Shortly before lunchtime on Wednesday, representatives from the Chicago office of the big engineering company Thornton Tomasetti also came by for an advance look at Tilt! - fitting because their firm had designed it.
"So is it a little better than the mock-up?" asked John Peronto, one of the structural engineers who worked closely on the project, as a group of his colleagues tried out Tilt!, some facing forward and streetward, some leaning back against the glass to look up at the top of the Hancock.
"It's almost like we were designing a piece of construction equipment that we were putting into place," said Christian DeFazio, another of the Thornton Tomasetti engineers on the project. "It was not a textbook scenario, by any means. When you are literally putting people outside the building, there's an extra fear factor in your design."
And DeFazio should know because, well, "I'm terrified of heights," he said.
Yet when he first tried Tilt! - built at TrussWorks International in Anaheim, California. - "I felt confident getting into it," said DeFazio. "I knew I was in good hands."

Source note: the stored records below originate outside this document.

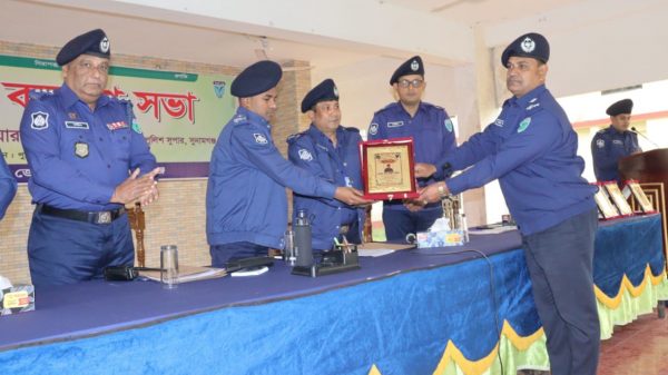 স্টাফ রির্পোটার :: সুনামগঞ্জের জগন্নাথপুর থানার অফিসার ইনচার্জ (ওসি) মোঃ রুহুল আমিন জেলার শ্রেষ্ট অফিসার ইনচার্জ হিসাবে পুরস্কারে ভূষিত হয়েছেন। আজ বুধবার (৮ জানুয়ারি) সকাল ১১ টায় জেলা পুলিশ লাইনে অনুষ্ঠিত মাসিক কল্যাণ সভায় আনুষ্ঠানিকভাবে তাঁর হাতে পুরস্কার তুলে দেন সুনামগঞ্জের পুলিশ সুপার আ ফ ম আনোয়ার হোসেন খান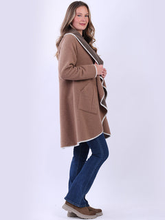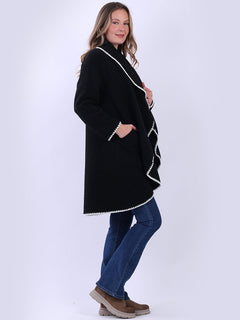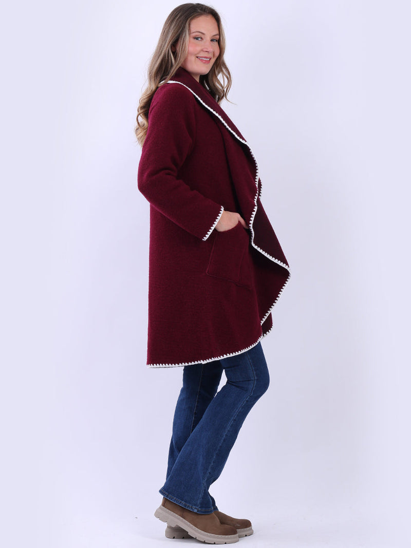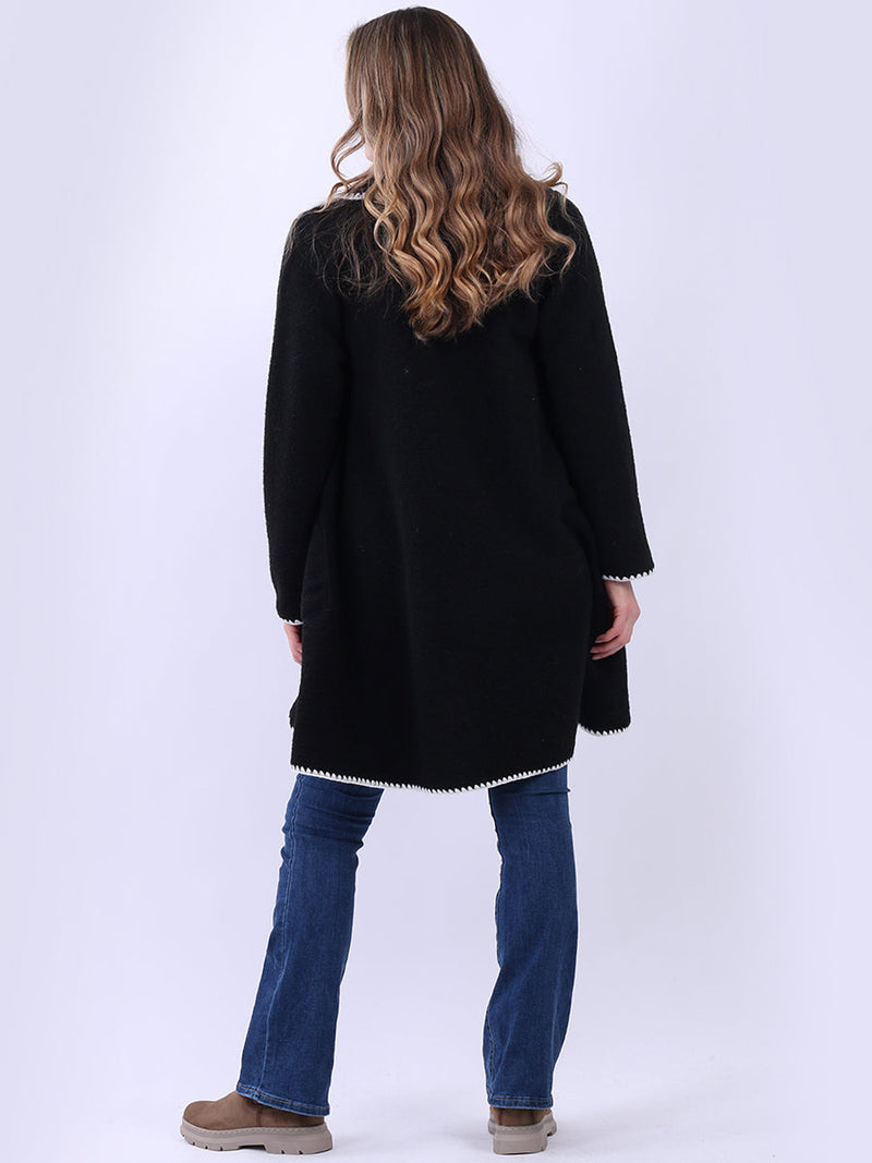 Wrap yourself in this luxurious made-in-Italy solid open-front coat, designed to keep you warm and stylish. The soft wool, contrasting blanket stitching, and waterfall neck bring both casual ease and elegance. With an baggy fit, this coat is perfect for plus-size women looking for a chic winter option that transitions seamlessly from day to night.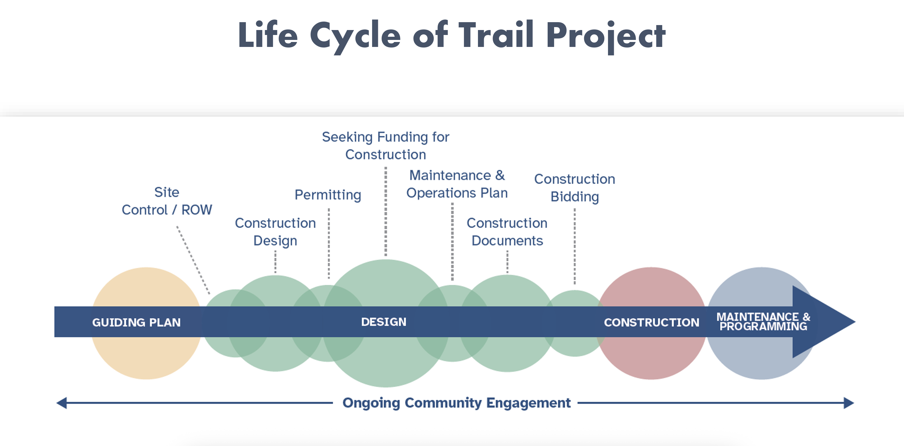 With the land purchase complete, trail partners are now focused on next steps. These include raising millions of dollars for construction and engaging communities along the trail in planning and design. The timeline for opening the trail will depend on many factors, including the availability of federal and state grants, which are the most likely source of funds for construction.

It took me a little longer. At first, everything seemed wrong and dangerous, and my moves were tentative, ginger, even though I knew, intellectually, that nothing I could do would make one whit of difference.
By the end of an hour of seeing it in operation, I was jumping in and out of the bays. Still, I was grateful that they hadn't decided to call this non-ride, say, Tilt-a-Whirl! Just plain tilting was plenty.